The other one is probably more than 6 litres in capacity and is the one that is the annoying one. It's one of those larger, luxurious looking models (2 piece), but the flushing is ever so slow.
Not to sound bad or anything but if anyone has an average #2, the toilet will clog without question - there is no room for the water to flow to! My solution has been to wait, flush, then wait, flush, then wait...and then I add a pail of hot water...and it might eventually go through.

The problem is, this is our main powder room, and this is embarrasing to have this kind of a toilet for use by guests.

Is this just the way the toilet flows and there is nothing I can do about it? I was thinking of getting newer toilet flushing parts, but will that make a difference? Ultimately, is it better to just get a super duper toilet that will flush whatever you throw at it?

I am not in the mood for games and I don't care if it's not 'efficient'. I just want it to flush in one flush!!

Thanks for your help in advance...


----------



## Nestor_Kelebay (Jun 17, 2008)

Can you inspect the drain pipe from that second toilet to the stack from the basement (or floor below).

It might be just a poor flushing toilet, but it could also be that whomever owned the house before you decided to do his own renovations, and moved the toilet so that the new drain pipe had to go UNDER a floor joist and then back up again to enter the same point on the vent stack the old drain pipe discharged into. In that case, you have a big "p-trap" under your toilet that would definitely explain the problem.

Also, is this annoying toilet in the basement?

I think the first thing to do is to check to see if the problem is that the drain piping the toilet discharges into is filling up with water. After coming home from work (so that the drain piping has had pleny of time to drain away past any partial clogging) fill two 5 gallon pails of water. Pour the first 5 gallon of pail down that toilet bowl as fast as you can without spilling water all over the floor. Does the toilet flush normally when you do that? Is it still a slow flush?

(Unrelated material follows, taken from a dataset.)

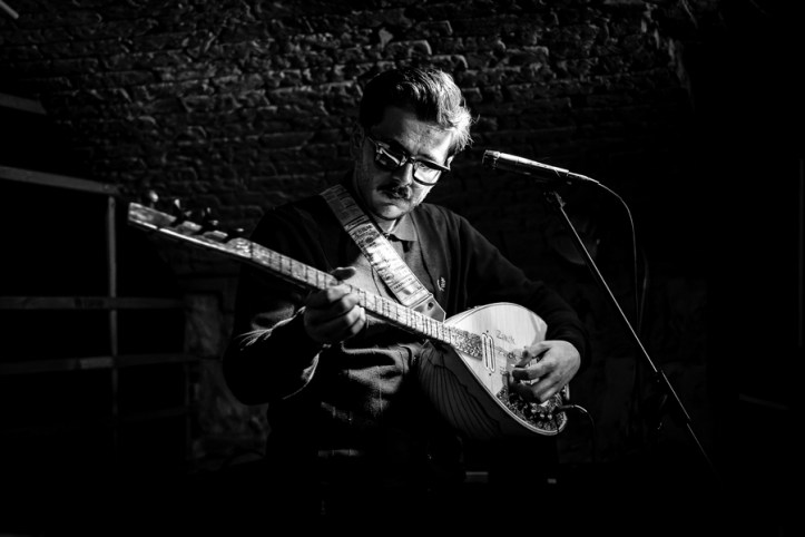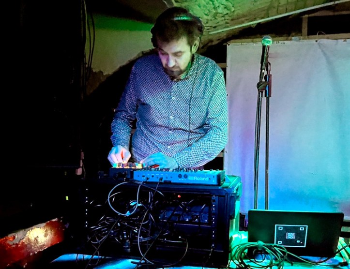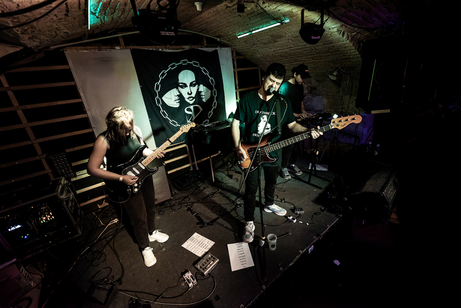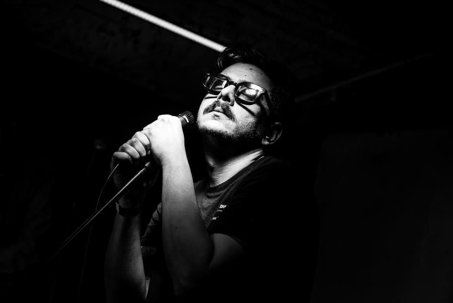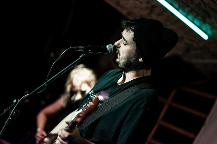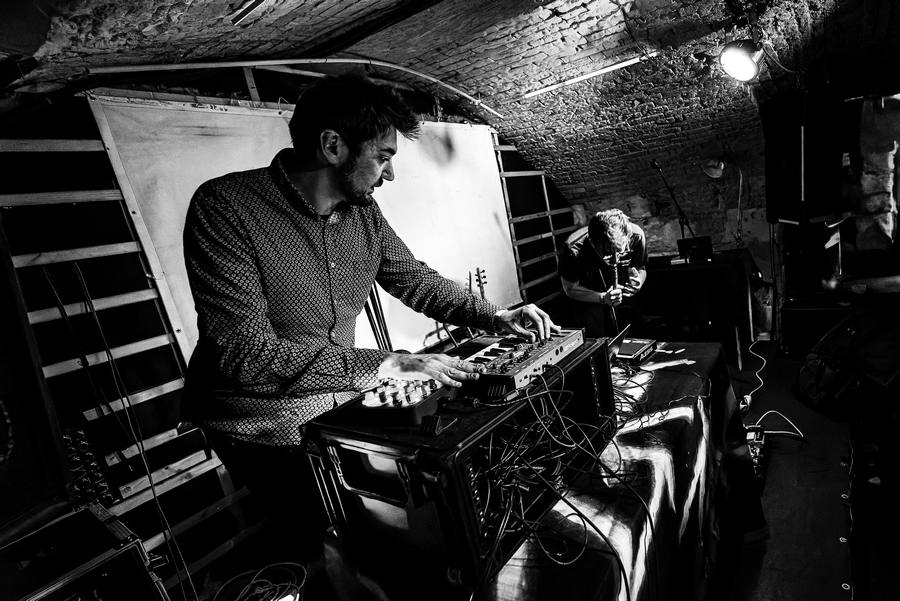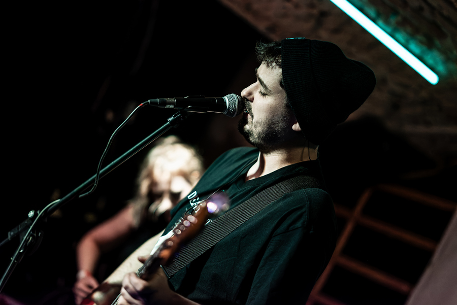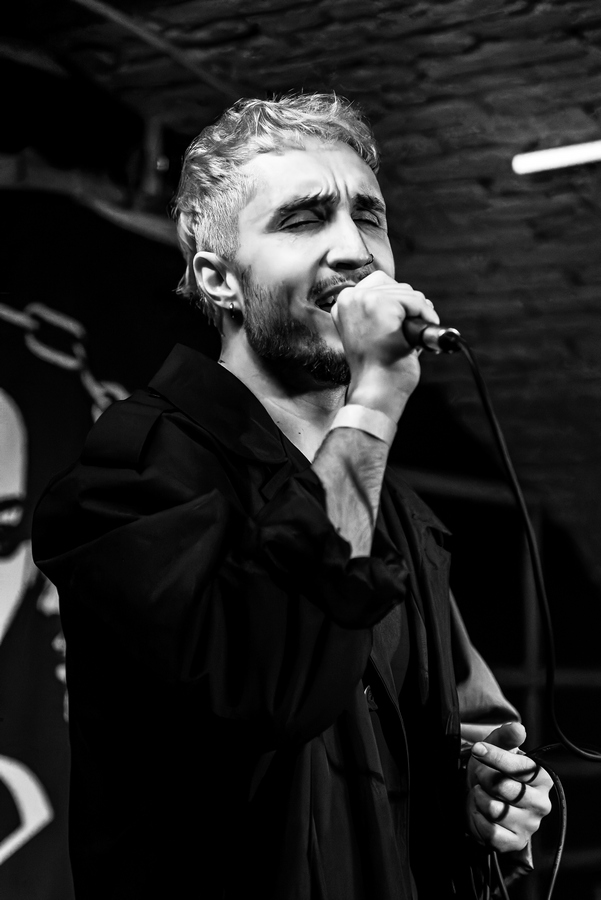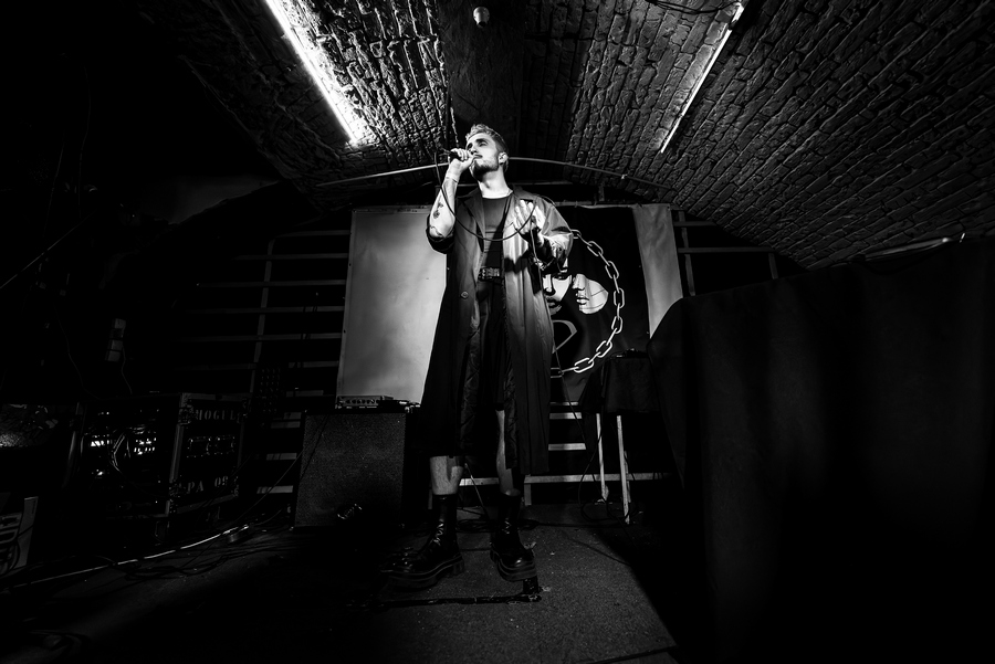 Rövid átszerelés után jött is a Separated Lamb, azaz Engel Simon projektje. Legutóbb a Kontravoid előzenekaraként láttuk őt a Gólyában még tavaly ősszel, most pedig kiszőkített hajjal állt ki, fekete atlétában, térdgatyában, ballonkabátban és bakancsban – egyszerre volt civil és tudatosan megkomponált a látvány. A koncert nagy részében végig csukva volt a szeme, mintha nem is kifelé, hanem befelé játszana, azért néha-néha kinyitotta, hogy ott vagyunk -e még. 😀

Now, as soon as the bowl has stopped "flushing" (or whatever it does), pour the second 5 gallon pail in again as fast as you can without spilling water on the floor. Was there ANY difference between the two "flushes". If both flushes were equally slow and weak, then I'd say you may have something funny going on with the drain piping the toilet discharges into.

It occured to me that there may be a blockage in the toilet bowl, but if that were the case, then toilet paper would exacerbate the situation and the toilet would soon stop flushing altogether.

It also occurs to me that some "water saver" toilets made in the past decade have been lemons. You may want to contact the manufacturer's local sales rep and get him to look at the toilet and see if this was a lemon and whether or not the flushing of this toilet is typical of this model.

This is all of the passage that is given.